As explained in this briefing paper, government spending cuts of the magnitude required to comply with a BBA within the next decade would constitute an economic shock even larger than the one inflicted by the bursting of the housing bubble—a shock that led to the worst recession since the Great Depression. For this reason, we consider implementation of a BBA exceedingly unlikely and thus have not modeled it in our analyses of Romney’s budget plan. For more discussion on the infeasibility of BBAs and undesirability of global spending caps, see this briefing paper.


1. A more precise calculation is that Romney has proposed specific tax cuts that would reduce revenue by $6.1 trillion over 10 years. The higher figure assumes implementation in tax year 2013 rather than 2014 and includes all the revenue changes related to repealing the ACA, while the lower figure only accounts for some of the changes. This higher calculation also indexes the cost of the proposed tax cuts to nominal GDP growth.

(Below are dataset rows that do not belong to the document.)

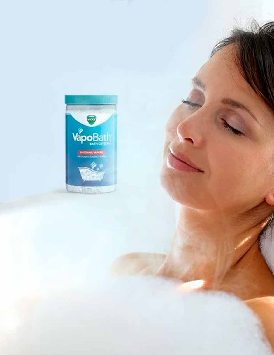 Respire con vapores Vicks no medicinales para disfrutar del mejor baño.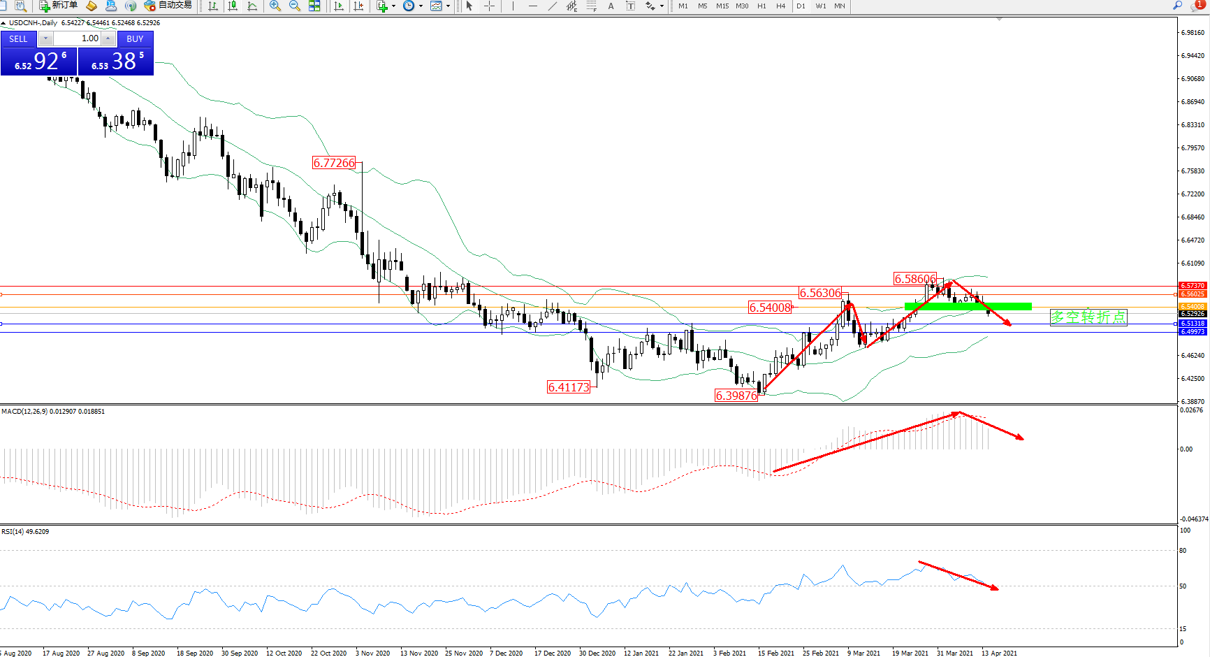 美元人民币USDCNH——日K线图显示:
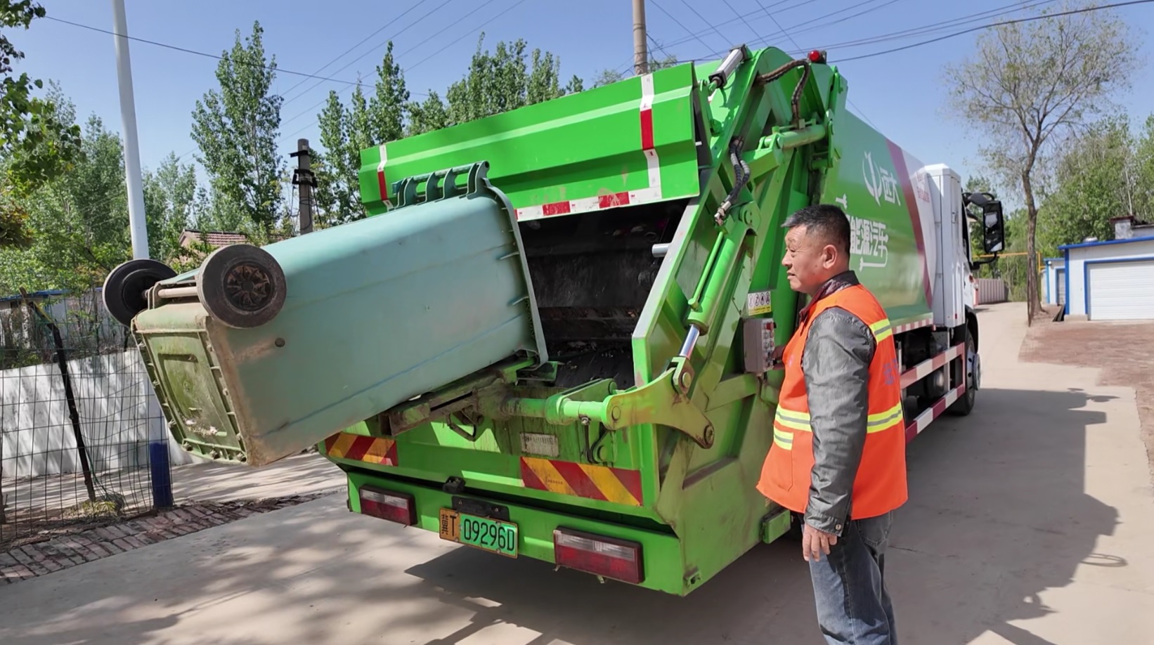 在景县景州镇王关庄村,每天清晨6时许,远大环保的压缩式垃圾车就出现在街道上。司机只需轻点按钮,就可完成提桶、翻桶、卸料、归位等操作,工作效率和操作安全系数大大提高。生活垃圾被集中收集、压缩后,转运至电厂焚烧发电。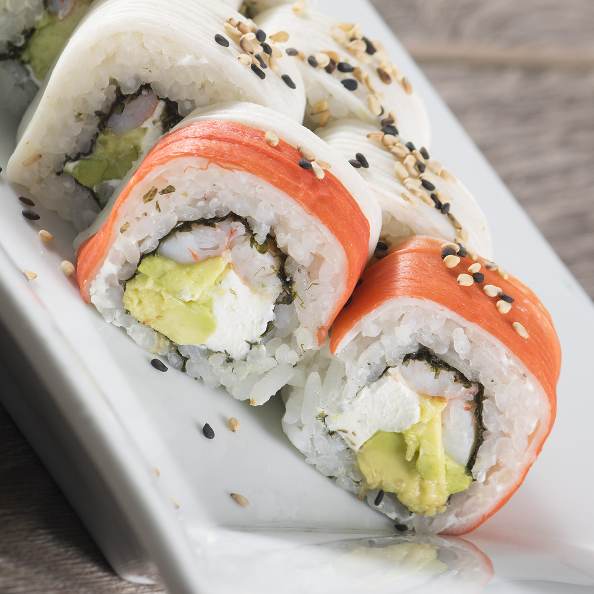Camarón, queso crema, aguacate, pepino, masago y ajonjolí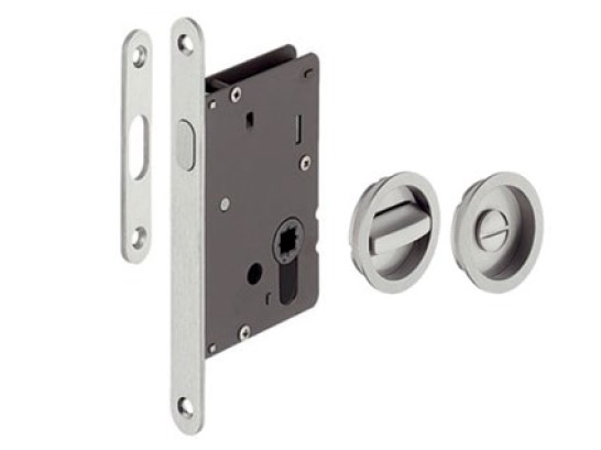 Замок для розсувних дверей WC латунь нікельований, матовий 50x16 91126084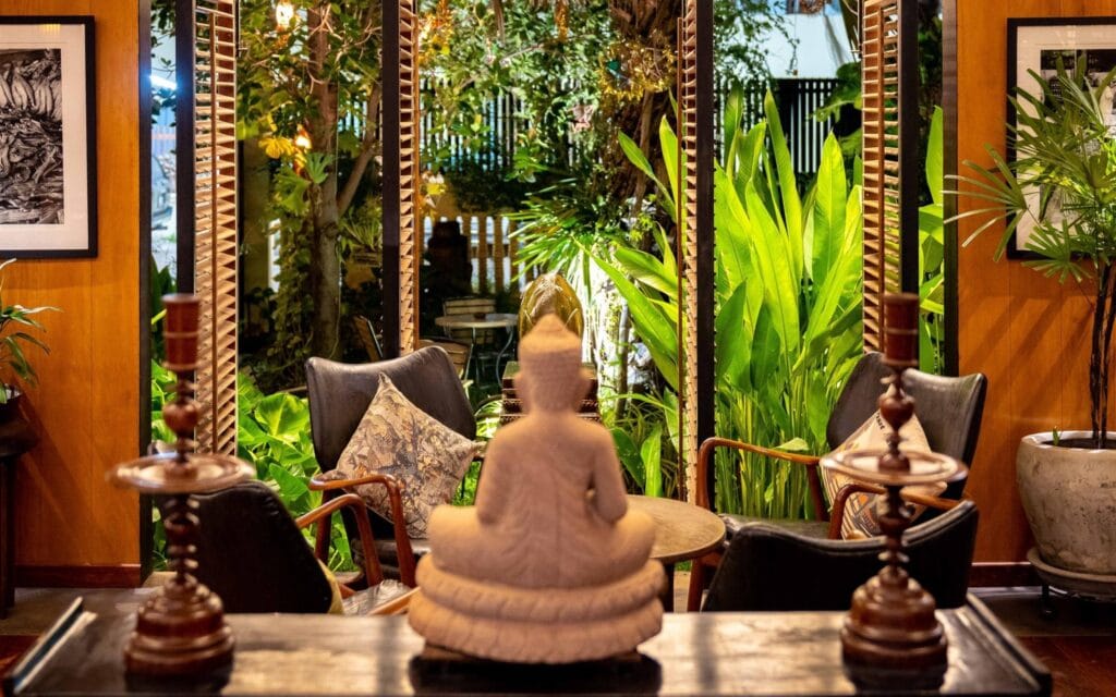 Tucked away from Pub Street, Chanrey Tree sits riverside in the central strip of Siem Reap town in a spacious Khmer‑style house surrounded by greenery. Its modern Khmer cuisine hits a sweet‑spicy‑salty equilibrium. Chef Seng Sopheak’s menu respects tradition but tweaks textures with highlights being the peanut and lime-dressed banana-blossom salad and a slow-braised local beef dish that melts at the prod of a spoon. The lush South East Asian design aesthetic and ambience is elegant yet welcoming, with polished concrete, glowing lanterns, flora and careful service. Today, the Chanrey Tree has become of the most popular high-end spots in town, so booking is highly recommended.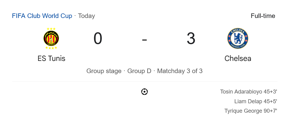 ผลบอลสด นัดสุดท้ายของกลุ่ม D ศึกฟีฟ่าคลับเวิลด์คัพ 2025 ระหว่าง เอสเปรานซ์ เอสที ยอดทีมจากตูนิเซีย พบกับ เชลซี ขุนพลจากพรีเมียร์ลีกอังกฤษ กลายเป็นฝันร้ายของแฟนบอลแอฟริกา เมื่อทีมสิงห์บลูส์ระเบิดฟอร์มไล่ถล่ม 3-0 แบบไม่ไว้หน้า ตีตั๋วเข้าสู่รอบต่อไปในฐานะรองแชมป์กลุ่มได้สำเร็จจากประตูของ อาดาราบิโอโย, เดลาป และ จอร์จ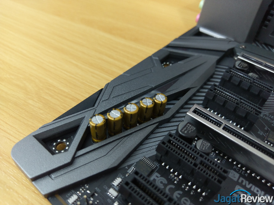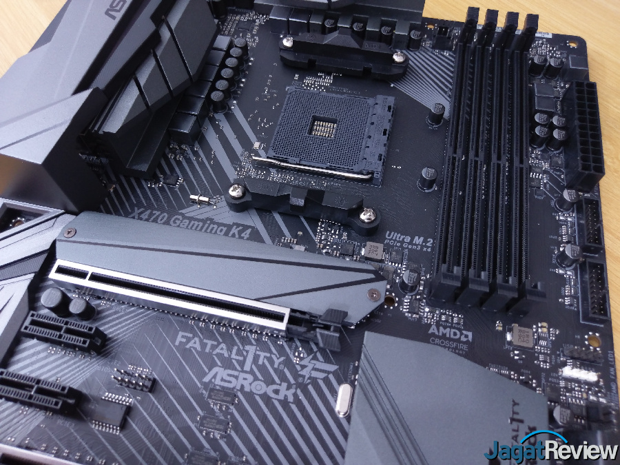 Untuk konektivitas storage, motherboard ini menyediakan 2 buah slot M.2 yang keduanya dapat berjalan pada mode NVMe dengan kecepatan PCIe x4. Anda harus memperhatikan saat memasang SSD M.2, karena dari kedua slot M.2 tersebut, 1 slot M.2 akan berjalan menggunakan PCIe bandwidth dari CPU dan satu slot lagi akan berjalan menggunakan bandwidth dari chipset X470. Slot M.2 pertama dilengkapi dengan cover M.2 yang menutup seluruh bagian SSD M.2 yang digunakan. Tidak lupa juga, di heatsink M.2 diberikan thermal pad cukup tebal. Peletakan kedua slot M.2 ini juga sangat berjauhan, slot pertama terletak di atas slot PCIe x16 pertama, sedangkan slot M.2 kedua terletak di bawah heatsink chipset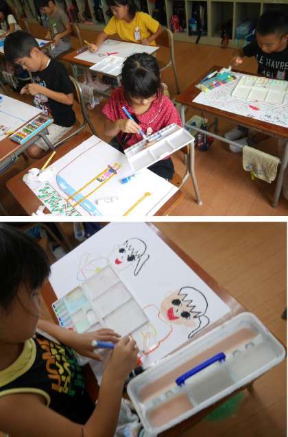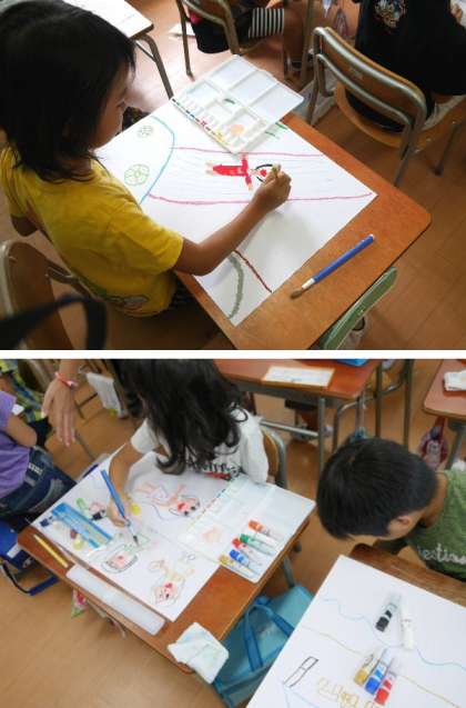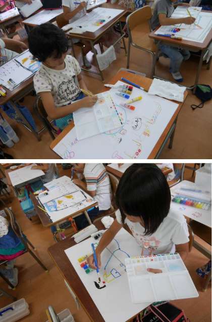 2年生では、水彩絵の具を使って色を塗っています。赤色と黄色と白色を上手にまぜてはだ色をつくっています。色づくりのしくみがわかってきたかな。クレパスではできなかったことが絵具ではできますね。いろんなはだ色が塗られていました。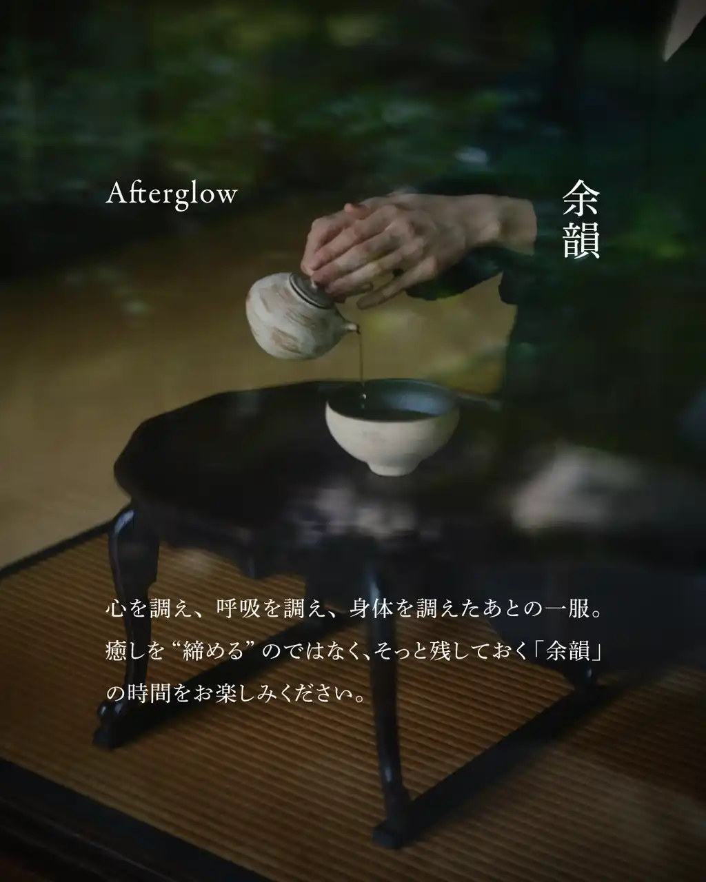 茶室の静けさと、呼吸の深まり、お茶の香りに耳を澄ませ、富士山の雪解け水に身をゆだねる時間。ukaのトリートメントと、静岡ならではの“茶ロウリュ”が重なり合い、心と体をひとつに整えていく。 ここでしか体験できない、新しいスパプログラムです。 |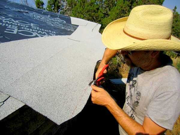 Además de cortar que el 8′ tiras más pequeñas para adaptarse, encontré que también debían insertar secciones pequeñas de teja en puntos al azar para añadir al patrón y ocultar clavos díscolos. Donde los extremos de las tejas vinieron juntos había recortado les que fueron redondeadas y los comprometidos para que el viento predominante no pela en una tormenta.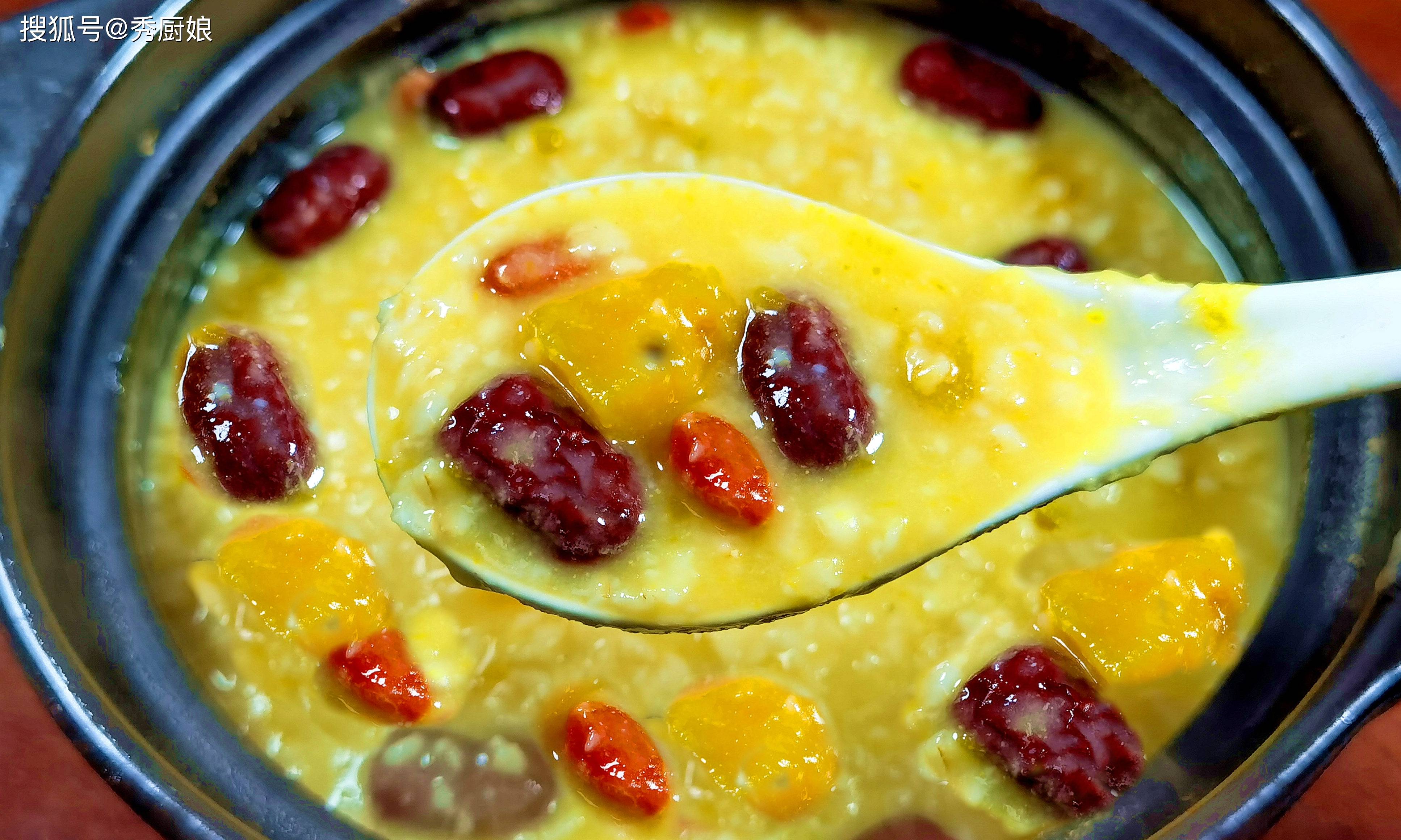 小贴士:这道粥暖胃又润肠,燕麦和南瓜的搭配,营养互补,膳食纤维丰富,特别适合早上喝一碗,全身都暖和。红枣自带甘甜,不用放糖也好喝!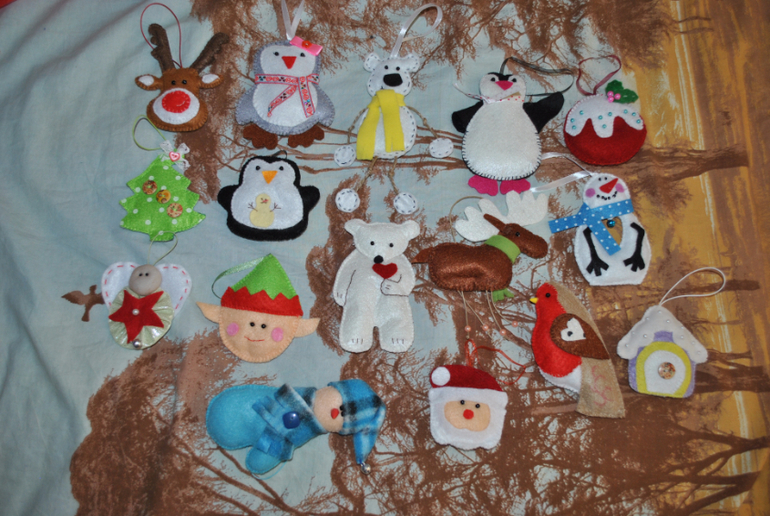 Игрушки из фетра НЕ для дурацкой елки-адвента из фетра. Сшила моя мама по нашему спец.заказу)) Мы сначала будем с ними играть, а затем вешать на обычную елку. Я сфоткала не все игрушки, некоторых по несколько экземпляров.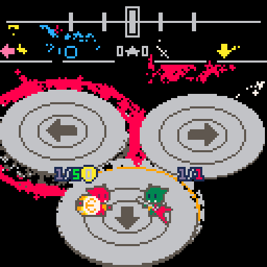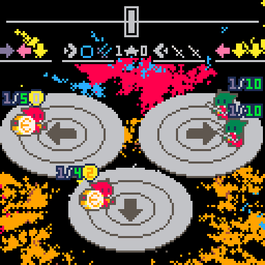 This game is all about inputting three commands in rhythm, then watching how those combinations play out. It's a mix of rhythm and strategy, where you need to closely observe your opponent's inputs and make split-second decisions in a psychological battle!
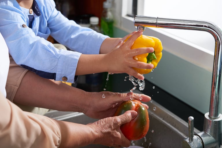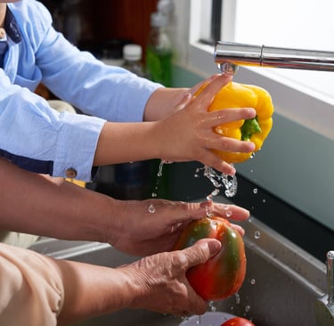 Fun Process: Turn washing produce into a fun activity with bubbles and water play.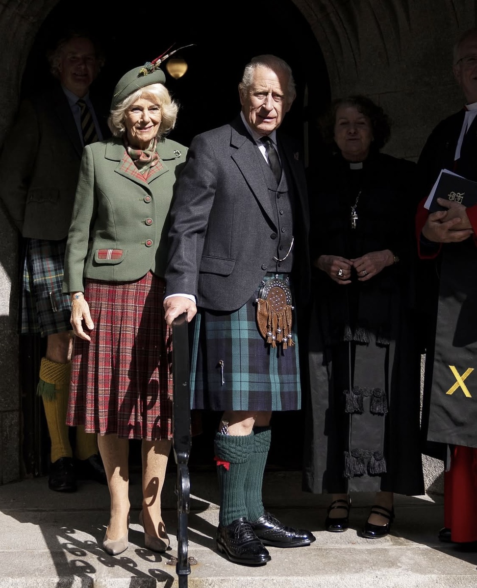 Продолжающийся отпуск Чарльза и Камиллы в замке Балморал время от времени разнообразят визиты не только беспокойных родственников, но и других особ. Король в тартане Королевского полка Шотландии, к которому присоединились в церкви Крати-Кирк королева, премьер-министр с супругой , а также актриса Джоанна Ламли. Ламли близка Камилле и входит в круг ее звездных друзей. Жена самого непопулярного премьера была в любимом ею красном и черном фетровом берете. И опять отмечу, что Камилла не носит черную одежду ( платье или жакет), который по Указу мужа и протоколу обязана! «Члены королевской семьи носят одежду, отражающую эпоху. Помощники в ливреях , придворные и военнослужащие, несущие государственную службу, будут носить чёрные нарукавные повязки». Торжественная служба отметила третью годовщину восшествия Чарльза на престол, а также поминальные молитвы за герцогиню Кентскую. Странно, что не сообщается о поминальных молитвах в честь Елизаветы, возможно, будут отдельно сегодня?

2. Romney has also proposed cutting non-security discretionary spending back to 2008 levels, but, like the cuts required by the global spending cap, has not specified how these reductions would be apportioned. To reduce overall spending to 20 percent of GDP while raising defense spending, however, would surely require non-security discretionary spending cuts of a much greater scale. Romney’s annual savings of $60 billion from reducing “waste and fraud” is ignored in our analysis, as there is no waste, fraud, and abuse account in the federal budget and this would certainly be deemed insufficiently detailed to be scored should CBO analyze a Romney administration budget request. Savings from capping and block granting Department of Labor training programs are also ignored, as freezing either 2013 or 2014 outlays in nominal dollars would fail to produce any savings relative to projected outlays in the Office of Management and Budget’s public budget database.

All other programmatic savings listed by the campaign have been taken at face value, have been assumed to take effect in 2014, and are indexed to nominal GDP in 2015 and beyond. As discussed in the text, these programmatic savings levels do not reflect official government scoring, which might come in considerably lower.